Tour de France champion was clandestine courier
Gino Bartali on his way to victory in the 1938 Tour de France |
Gino Bartali, one of three Italian cyclists to have won the
Tour de France twice and a three-times winner of the Giro d’Italia, was born on
this day in 1914 in the town of Ponte a Ema, just outside Florence.
Bartali’s career straddled the Second World War, his two
Tour successes coming in 1938 and 1948, but it is as much for what he did
during the years of conflict that he is remembered today.
With the knowledge of only a few people, Bartali repeatedly
risked his life smuggling false documents around Italy to help Italian Jews
escape being deported to Nazi concentration camps.
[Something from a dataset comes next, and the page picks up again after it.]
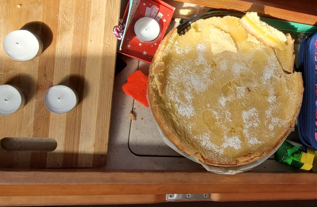Am nächsten Morgen fegt das Geschaukel dann sogar den Geburtstagskuchen vom Tisch. Sehr ärgerlich! Trotzdem bleibt der gerettete Rest sehr lecker. Danach machen wir das Dinghy klar (obligatorisches Aufpumpen der kaputten Seite) und setzen über zur Île Royale. Uns erwartet ein spannender, aber auch bedrückender Spaziergang, über den wir in einem eigenen Beitrag berichten.

He hid the rolled up documents inside the hollow handlebars
and frame of his bicycle and explained his frequent long-distance excursions as
part of the training schedule he needed to maintain in order to keep himself in
peak physical fitness.
In fact, he was carrying documents from secret printing
presses to people who needed them in cities as far apart as Florence, Lucca,
Genoa, Assisi, and the Vatican in Rome.
Sometimes he would pull a cart that contained a secret
compartment in order to smuggle Jewish refugees in person into Switzerland,
explaining that hauling a heavy cart was also essential to his training
routine.
Bartali resumed his career after the War, winning a second Tour |
He even hid a Jewish family in the cellar of his house in
Florence, in the full knowledge that were they to be discovered he would have
almost certainly been arrested and sentenced to death.
Bartali, who died in 2000 at the age of 85, never spoke publicly about his secret role and
revealed details only gradually to his family in later years.
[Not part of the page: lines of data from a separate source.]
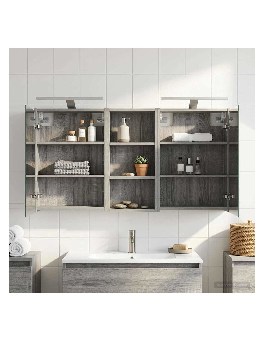 Questo Set di Armadi per Bagno è la soluzione perfetta per un bagno moderno, unendo design elegante e funzionalità. Realizzato in legno ingegnerizzato, l'armadio ha uno specchio bidirezionale che amplifica visivamente lo spazio e aggiunge un tocco di interesse. È ideale per proprietari di casa e designer, offrendo stoccaggio efficiente e migliorando l'estetica con il suo design minimalista e l'illuminazione a LED, rendendolo il perfetto mix di forma e funzione. Costruzione in Legno Ingegnerizzato: L'armadio è fatto in legno ingegnerizzato, robusto e durevole, che mantiene un aspetto impeccabile anche in condizioni di umidità. Facile da pulire e resistente all'usura. Ante a Doppia Funzione: Le porte in vetro a cerniera offrono un'apertura fluida e un design elegante. All'interno troverai scomparti spaziosi per articoli da bagno, aiutandoti a restare organizzato. Illuminazione Innovativa: Con strisce LED alimentate tramite USB, questo armadio offre un'illuminazione ideale per la cura personale, aggiungendo anche un tocco estetico alla stanza. Specchio Bidirezionale: Lo specchio unico aggiunge profondità e stile all'armadio, ideale per privacy e per riflessioni durante il trucco o la rasatura. Montaggio a Muro Facile: Questo armadio può essere facilmente montato sulle pareti, liberando spazio prezioso e garantendo un aspetto ordinato e organizzato.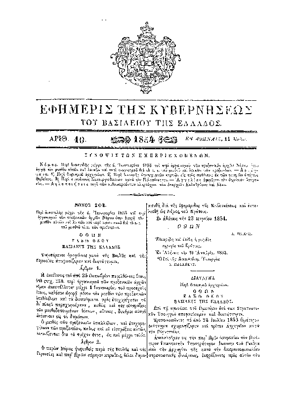 1. ΦΕΚ 10/A, 1854 http://www.et.gr/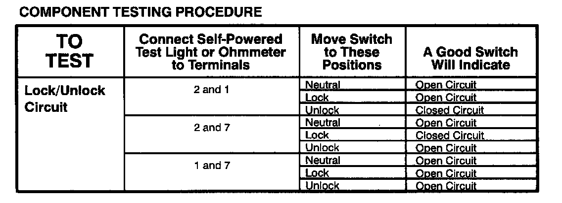 Power Door Lock Switch: Testing and Inspection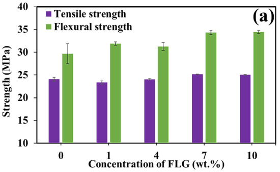 Both elongation at break and tensile toughness of the FLG-filled composites decreased as the FLG concentration increased, as can be seen in Figure 2d. This is a common effect of the addition of rigid fillers and has been reported in the literature [12,31].

They concluded that the motivation for his actions lay in
his devout Catholicism and his opposition to the policies being pursued by
Benito Mussolini.
In a speech in September 1938, Pope Pius XI had proclaimed
that anti-semitism was incompatible with Christianity, yet earlier in the year Mussolini
had published his Manifesto on Race, which would lead to Italian Jews been
stripped of citizenship, barred from public office and from working in any
recognised profession.
When Bartali won the 1938 Tour de France, Mussolini hailed
him as a national hero for having provided evidence through his sporting
success that Italians too belonged in the ‘master race’ that Mussolini’s murderous ally
Adolf Hitler aimed to create.
Bartali was horrified. Determined to distance himself from
Mussolini, he refused the invitation to dedicate his triumph to Il Duce.
Mussolini was less than pleased but Bartali’s popularity
with the Italian public, who had cheered him to victory in the Giro in 1936 and
1937, dissuaded him from any punitive action.
Bartali’s standing was also helpful on the occasions he was stopped and
questioned about his long-distance ‘training’ exercises.
Bartali is said to have been born in rooms above a bar in Ponte a Ema |
He would allow himself to be interrogated but asked Fascist
officials not to dismantle his bike because it was precisely calibrated for
optimum performance and to disturb it would jeopardise his future success.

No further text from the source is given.